The reality of Cybercrime: in conversation with Phil Denham
According to an official survey, last year saw an estimated 3.6 million cases of fraud and 2 million incidents of ‘computer misuse’ in the UK.
Levels of fraud and Cybercrime are being described as an ‘epidemic’ and that’s despite recent statistics this year that suggests that Cybercrime may be on the decline.
What can we do to protect our businesses? And what do these recent statistics actually mean? To gain a little clarity on the topic we spoke to Phil Denham, cyber-security expert at HBP Systems.
What’s the issue?
- Viruses and malware are getting smarter.
- While the number of incidents has decreased, the cost of falling victim has skyrocketed!
“It’s difficult to say what this figure can actually tell us, but in my personal opinion it means that we’re taking cyber security more seriously”“We know from our security partner Sophos that the amount of malware and the complexity of malware is increasing, so the threat in terms of pure volume is more severe – the natural conclusion we can draw from that is that we’re actually getting better at defending ourselves from these attacks.”
Although businesses seem to be getting better at defending against cyber-crime, Phil warns of a growing threat in malicious software called ‘smart malware’ that can adapt to systems and avoid detection by anti-virus software.
“There’s a concept called ‘polymorphism’ in which a virus strain can adapt itself every single time it infects a system.
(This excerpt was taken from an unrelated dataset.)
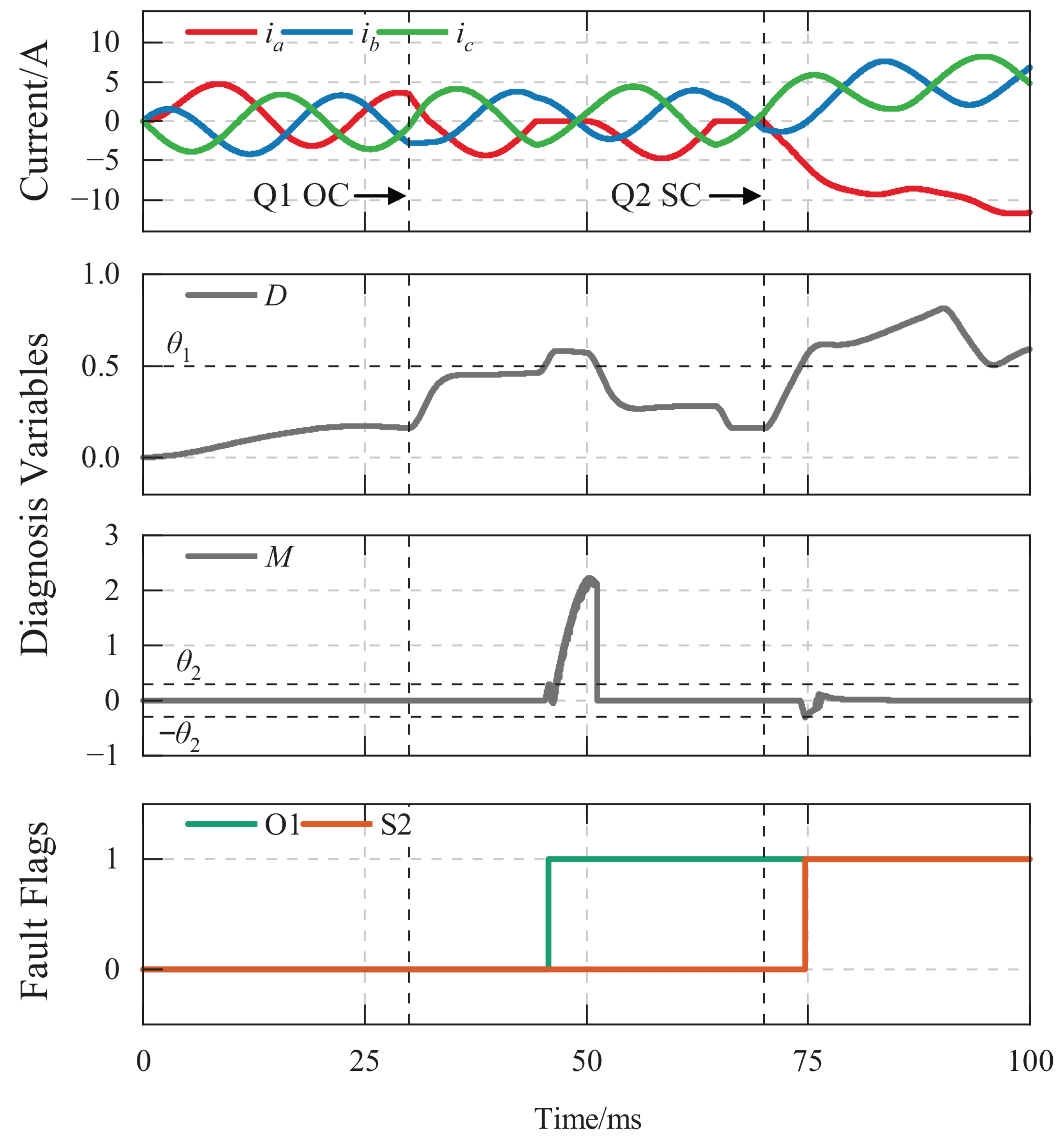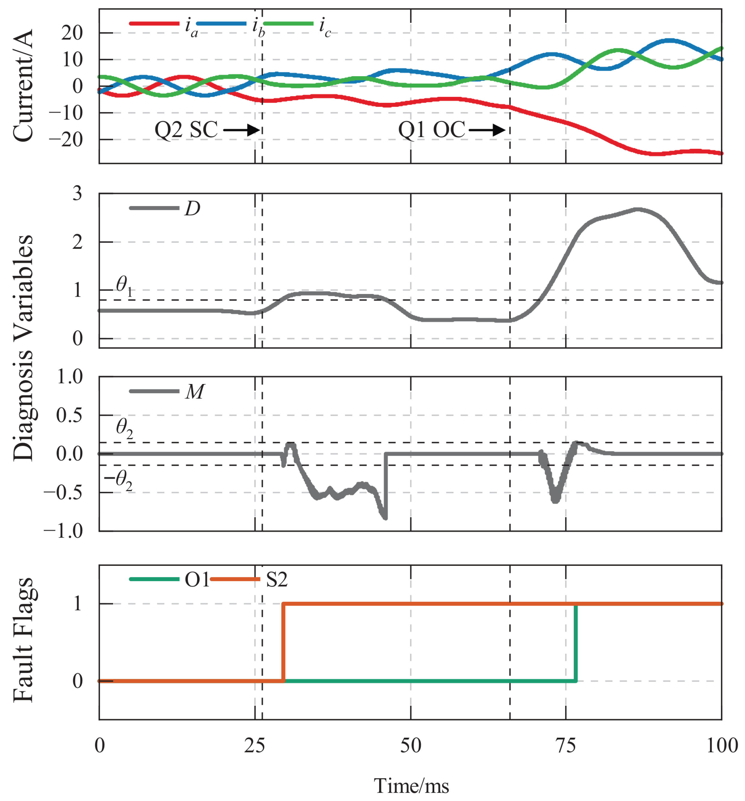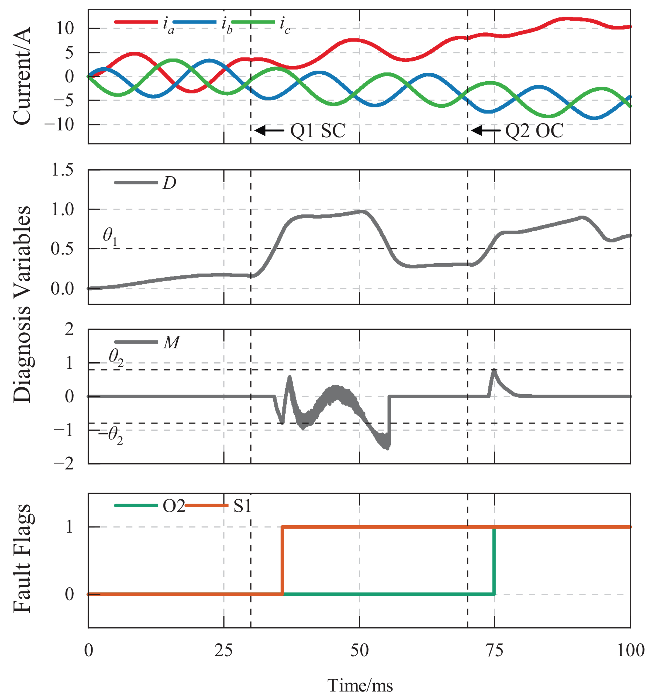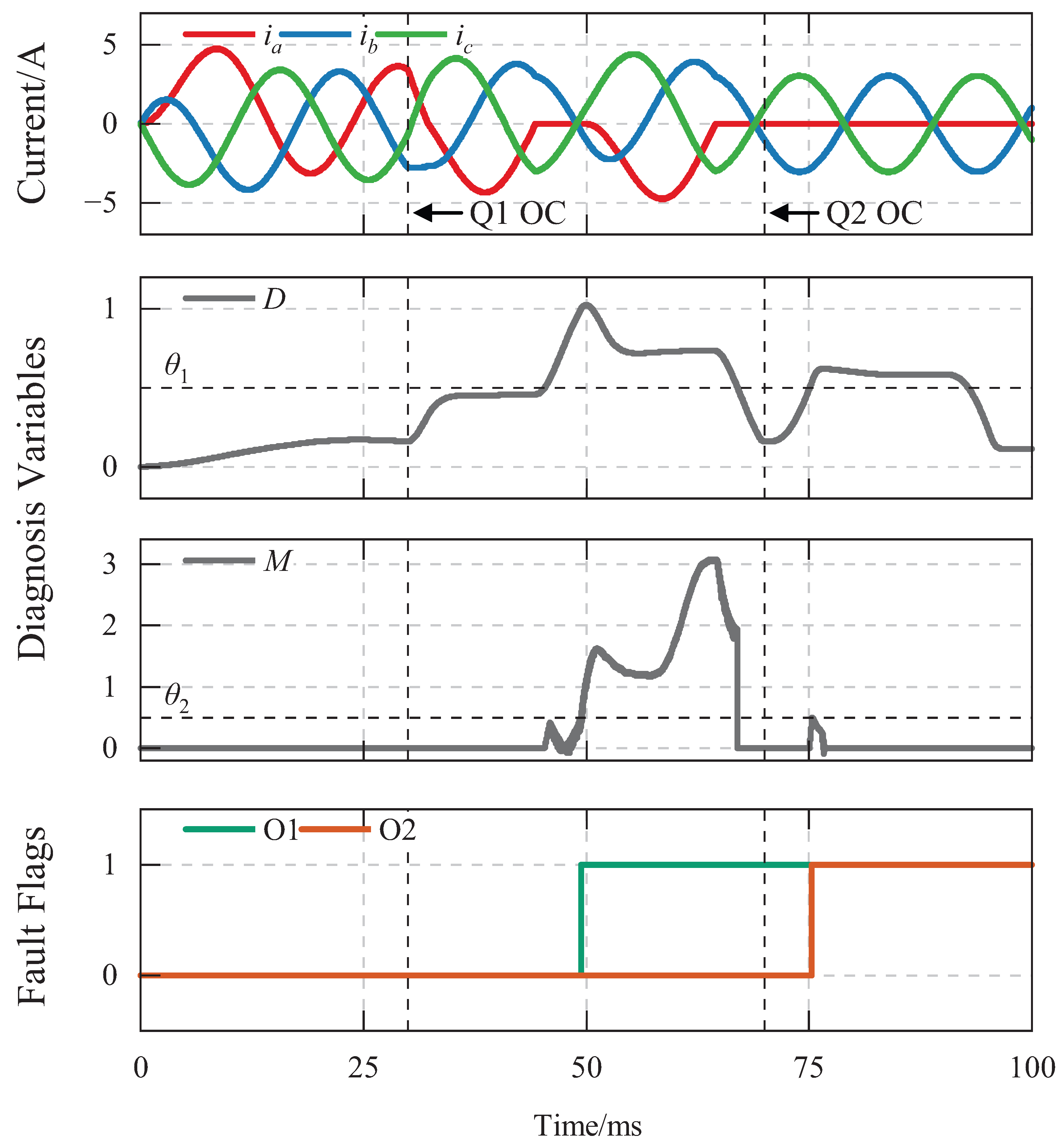 - Wang, R.; Liao, M.; Song, L.; Guo, X.; Liang, Y. A Fault Diagnosis Method for Open-Circuit Faults Based Voltage Vector Trajectory Distortion Characteristics in Three-Level T-Type Inverters. IEEE J. Emerg. Sel. Top. Power Electron. 2025, 13, 5317–5333. [Google Scholar] [CrossRef]

Your anti-virus can’t detect this because it has changed and morphed”.
While the number of Cybercrimes in the UK has actually fallen, the amount of money earned by the fraudsters has increased.
What to do?
- Install protection, develop a strategy and educate your staff.
- Almost all incidents are down to human error, so be smart!
“It’s all about your strategy. A cyber security strategy should be on ongoing process that changes with the market place and with what the cyber criminals are doing. If you’re not at the cutting edge then you’re leaving yourselves wide open.”
Phil went on to detail the three key areas that HBP Systems advise companies on with cyber-security.
“Step 1 is to protect – this means using software and with the solutions you put in place.”
“The second is about controlling your IT Network: Removing old users, setting permissions and working on something like the cyber-essentials qualification.”
“Step 3 is possibly the most important one and that’s educating your employees. You can do all that work to protect yourselves, but if an employee picks up an infected USB and plugs it in, opens a dodgy email or clicks a suspicious link, it can undo all of that work.”
It would seem that no matter how intelligent your defense strategy is, the root of the problem will always be human error, as Phil went on to say:
“Of course, all these threats only exist because there’s some sort of human interaction at one point – we click on something or open something and let the threat in. Education is absolutely essential.”
This is the first time that fraud and Cybercime have been included in annual statistics.
Why isn’t more being done?
- £2bn has been pledged to cyber security over the next 5 years by the UK Government.
- But many fear this is too little, too late.
“The police and the government haven’t done enough at this point, obviously they are talking about pledging an extra £2 billion to cyber security for the next five years, but who knows if that will be enough?”
“This really puts the emphasis back on businesses and IT vendors like ourselves to support and protect people.”
Speaking of the reality of cyber-attacks, Phil was doubtful of the effectiveness of police forces in solving and combating cyber-crime. He said:
“A small business being hacked? There’s not much the police are going to be able to do about it realistically.”
“Really the goal is to make yourself more secure than other businesses and become a difficult target, because that means the vast majority of threats aren’t going to affect you.”
The government it investing £1.9bn in cyber security over the next five years.